METHODS: Medical records of 110 patients (mean age 69.3 +/- 8.4 years) who underwent concomitant coronary angiography and brachiocephalic arteriography between May 1998 and December 2002 were reviewed. Stenosis >50%, vessel occlusion, and aneurysm were noted as significant findings.

RESULTS: Significant findings were observed in 23/110 patients (20.9%). Five patients with subclavian artery stenosis and upper limb ischemia underwent subclavian artery angioplasty and stenting and bypass surgery using LIMA. During a mean follow-up of 24.7 +/- 10.7 months, only one patient developed a new subclavian artery disease after bypass grafting using LIMA, and underwent subclavian artery angioplasty.
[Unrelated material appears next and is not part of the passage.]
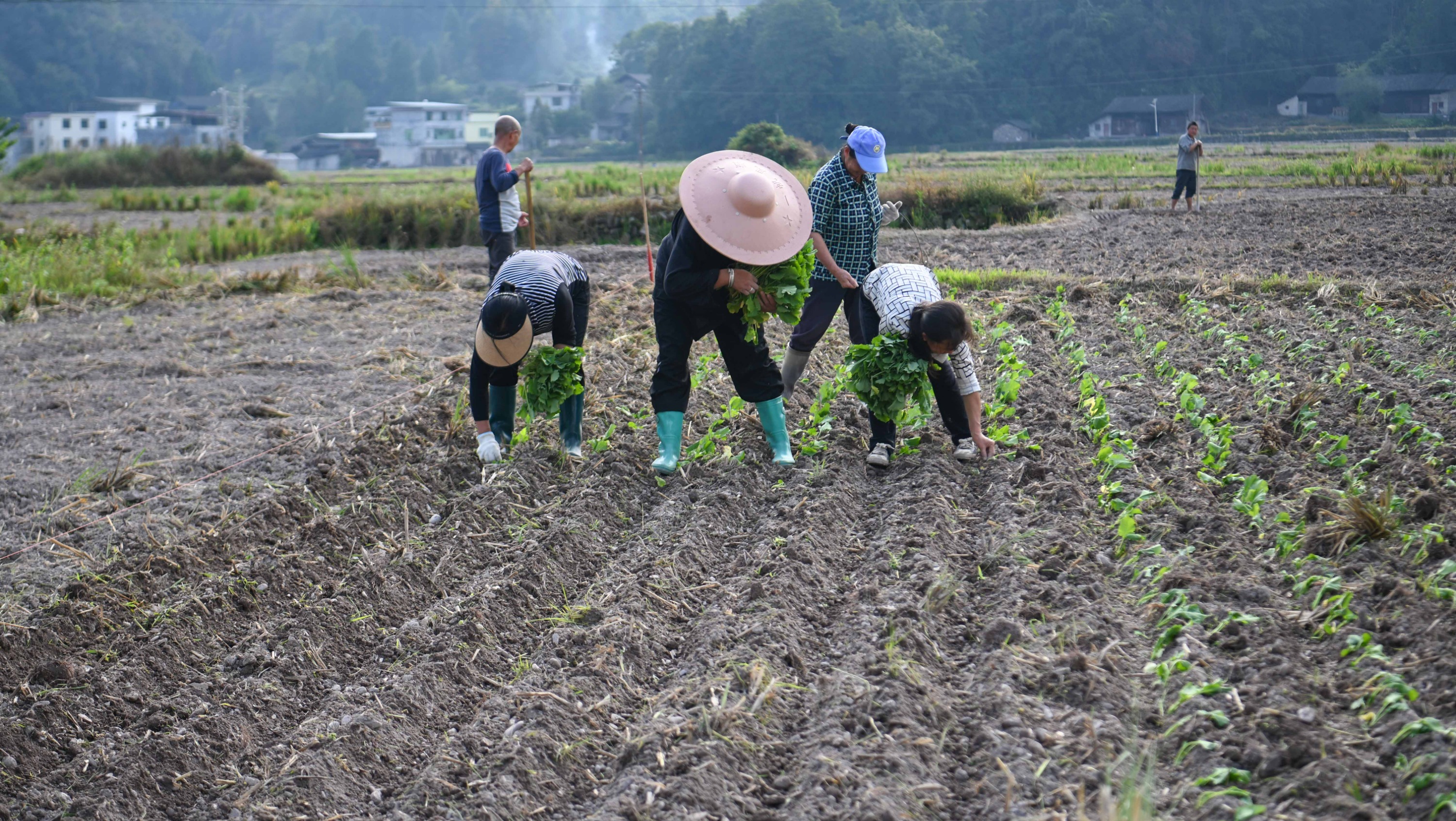 “嬢,你这个油菜有点栽稀了,按我们农业技术专家指导的,株距是30公分、行距是40公分,我们这样栽是为了提高产量,计划提高的亩产产量要达到250公斤以上”寨英镇农业服务中心主任罗勇指导村民移栽油菜。

Logistic regression analysis revealed 3-vessel CAD (odds ratio (OR) 9.917 ; 95% confidence interval (CI) 2.2 to 43.8; P = .002), hypercholesterolemy (OR 2.74; CI 95% 1.05 to 7.7; P = .044), and age >65 (OR 3.55; CI 95% 2.2 to 9.2, P = .038) to be predictors of brachiocephalic disease.

CONCLUSION: This study suggests that routine angiography of the brachiocephalic arteries at the time of coronary angiography is effective in preventing coronary-subclavian steal syndrome in select patients who are candidates for bypass grafting using LIMA.